A list of the K (K>0) samples to be studied, all following admixture distributions.

admixMod

A list of objects of class admix_model, with information about known distributions and known parameters.

est_method

The estimation method to be applied. Can be one of 'BVdk' (Bordes and Vandekerkhove estimator), 'PS' (Patra and Sen estimator), or 'IBM' (Inversion Best-Matching approach) in the continuous case (continuous random variable). Only 'IBM' for discrete random variables. The same estimation method is performed on each sample if several samples are provided.

...

Optional arguments to estim_PS, estim_BVdk or estim_IBM depending on the choice made by the user for the estimation method.

Details

For further details on the different estimation techniques, see references below on i) Patra and Sen estimator ; ii) Bordes and Vandekerkhove estimator ; iii) Inversion Best-Matching approach. Important note: estimation by 'IBM' requires at least two samples at hand, and provides unbiased estimators only if the distributions of unknown components are equal (meaning that it requires to perform previously this test between the pairs of samples, see admix_test). When selecting 'BVdk' estimation method, the initialization parameters for the optimization process have been arbitrarily set. The mixing proportion is fixed to 0.5. For the localization parameter, it is based on taking the first moment in the model ((x)=pf(xμ)+(1p)g(x)\ell(x) = p f(x-\mu) + (1 - p) g(x)), and isolating μ\mu by an inversion formula.

Value

An object of class estim_BVdk, estim_PS or estim_IBM (that inherits from class admix_estim), with two attributes, 'class' and 'names'. The latter contains three elements, among which 'estim_objects' that lists for each sample under study all the information of the estimation procedure.

Author(s)

Xavier Milhaud [email protected]

References

Patra RK, Sen B (2016). “Estimation of a two-component mixture model with applications to multiple testing.” Journal of the Royal Statistical Society Series B, 78(4), 869-893. Bordes L, Delmas C, Vandekerkhove P (2006). “Semiparametric Estimation of a Two-Component Mixture Model Where One Component Is Known.” Scandinavian Journal of Statistics, 33(4), 733–752. ISSN 03036898, 14679469. http://www.jstor.org/stable/4616955. Bordes L, Vandekerkhove P (2010). “Semiparametric two-component mixture model with a known component: An asymptotically normal estimator.” Mathematical Methods of Statistics, 19(1), 22–41. doi:10.3103/S1066530710010023. Milhaud X, Pommeret D, Salhi Y, Vandekerkhove P (2024). “Two-sample contamination model test.” Bernoulli, 30(1), 170–197. doi:10.3150/23-BEJ1593.

See Also

get_mixing_weights() to access the estimated mixing weight(s), get_known_component() to access the known component(s), print.admix_estim() for a brief description of the results, and summary.admix_estim() for an overview of the estimation process.
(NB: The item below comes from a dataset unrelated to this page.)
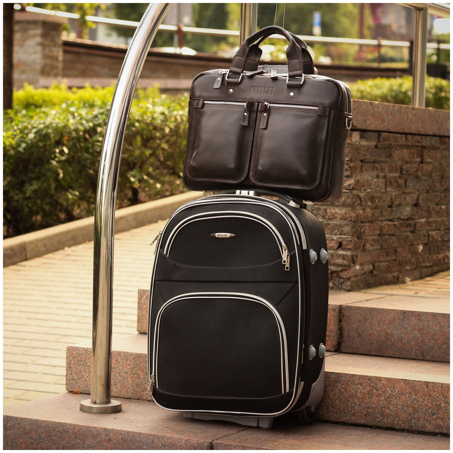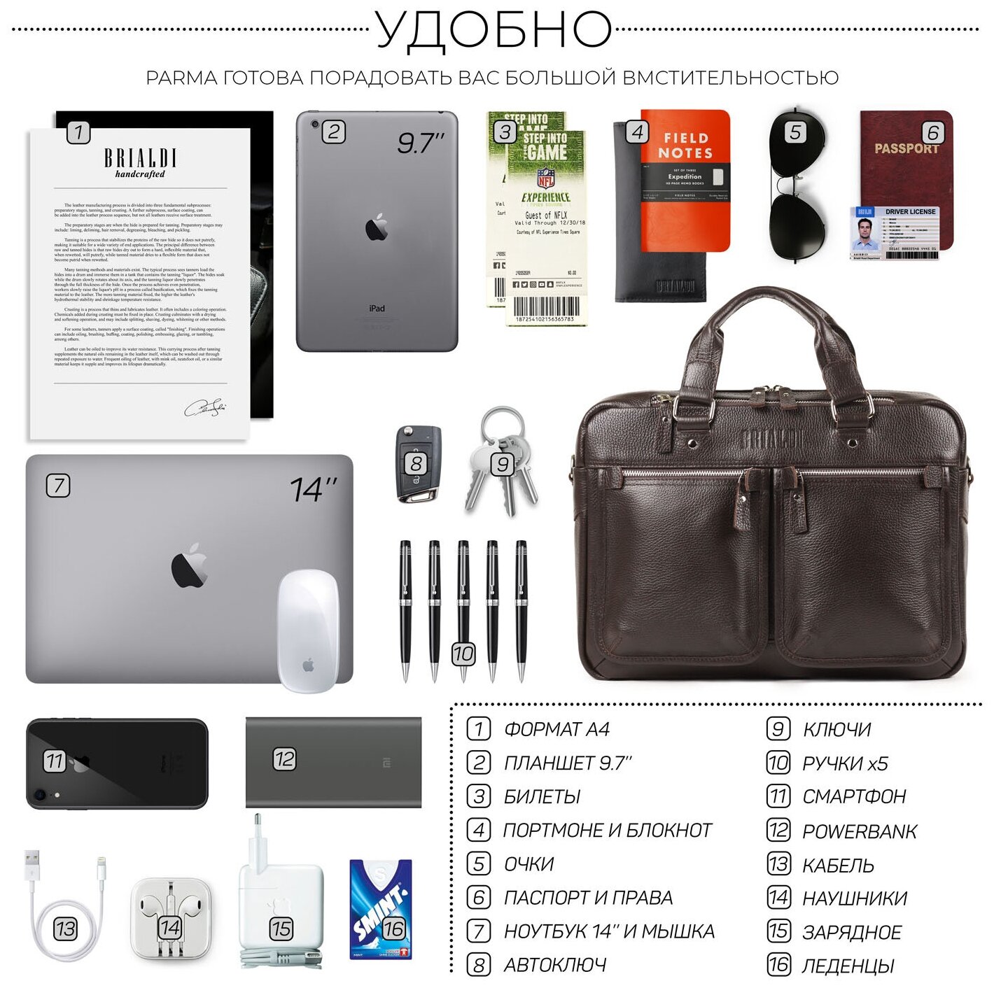 Сумка мужская деловая Brialdi Parma relief brown (коричневая) для формата A4 или ноутбука 14 дюймов из натуральной кожи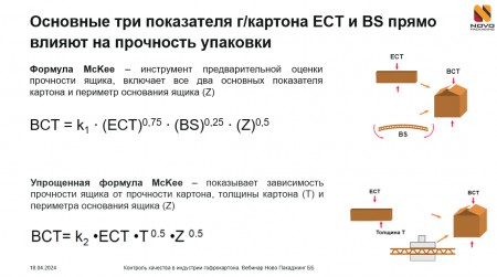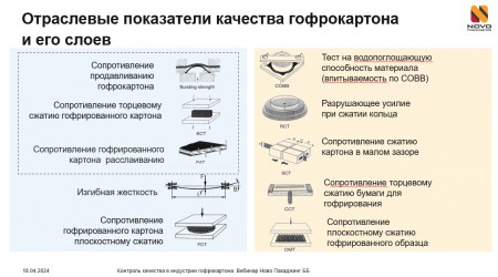 Одним из познавательных моментов вебинара явилось проведение в лаборатории качества Ново Пакаджинг ББ в онлайн формате измерений образцов материалов по ключевым параметрам, определяющим качество готового продукта: сопротивление продавливанию гофрокартона (Mullen), изгибная жесткость (BS), сопротивление торцевому сжатию гофрокартона (ECT), сопротивление ящика сжатию (BCT).

More precisely, 1) the number of samples under study; 2) the information about the known mixture components (distributions and parameters); 3) the sizes of the samples; 4) the chosen estimation technique (one of 'BVdk', 'PS' or 'IBM'); 5) the estimated mixing proportions (weights of the unknown component distributions in the mixture model). In case of 'BVdk' estimation, one additional attribute corresponding to the estimated location shift parameter is included.

Examples

## Simulate mixture data:
mixt1 <- twoComp_mixt(n = 300, weight = 0.7,
                      comp.dist = list("norm", "norm"),
                      comp.param = list(list("mean" = -2, "sd" = 0.5),
                                        list("mean" = 0, "sd" = 1)))
mixt2 <- twoComp_mixt(n = 250, weight = 0.85,
                      comp.dist = list("norm", "exp"),
                      comp.param = list(list("mean" = -2, "sd" = 0.5),
                                        list("rate" = 1)))
mixt3 <- twoComp_mixt(n = 500, weight = 0.5,
                      comp.dist = list("pois", "pois"),
                      comp.param = list(list("lambda" = 2),
                                        list("lambda" = 7)))
mixt4 <- twoComp_mixt(n = 1500, weight = 0.2, comp.dist = list("multinom", "multinom"),
                      comp.param = list(list("size"=1, "prob" = c(0.8,0.1,0.1)),
                                   list("size"=1, "prob" = c(0.1,0.2,0.7))))
data1 <- get_mixture_data(mixt1)
data2 <- get_mixture_data(mixt2)
data3 <- get_mixture_data(mixt3)
data4 <- get_mixture_data(mixt4)
## Define the admixture models:
admixMod1 <- admix_model(knownComp_dist = mixt1$comp.dist[[2]],
                         knownComp_param = mixt1$comp.param[[2]])
admixMod2 <- admix_model(knownComp_dist = mixt2$comp.dist[[2]],
                         knownComp_param = mixt2$comp.param[[2]])
admixMod3 <- admix_model(knownComp_dist = mixt3$comp.dist[[2]],
                         knownComp_param = mixt3$comp.param[[2]])
admixMod4 <- admix_model(knownComp_dist = mixt4$comp.dist[[2]],
                         knownComp_param = mixt4$comp.param[[2]])
# Estimation by different methods:
admix_estim(samples = list(data1), admixMod = list(admixMod1), est_method = "BVdk")
admix_estim(samples = list(data1, data2, data3, data4),
            admixMod = list(admixMod1, admixMod2, admixMod3, admixMod4), est_method = "PS")
admix_estim(samples = list(data1,data2), admixMod = list(admixMod1,admixMod2), est_method = "IBM")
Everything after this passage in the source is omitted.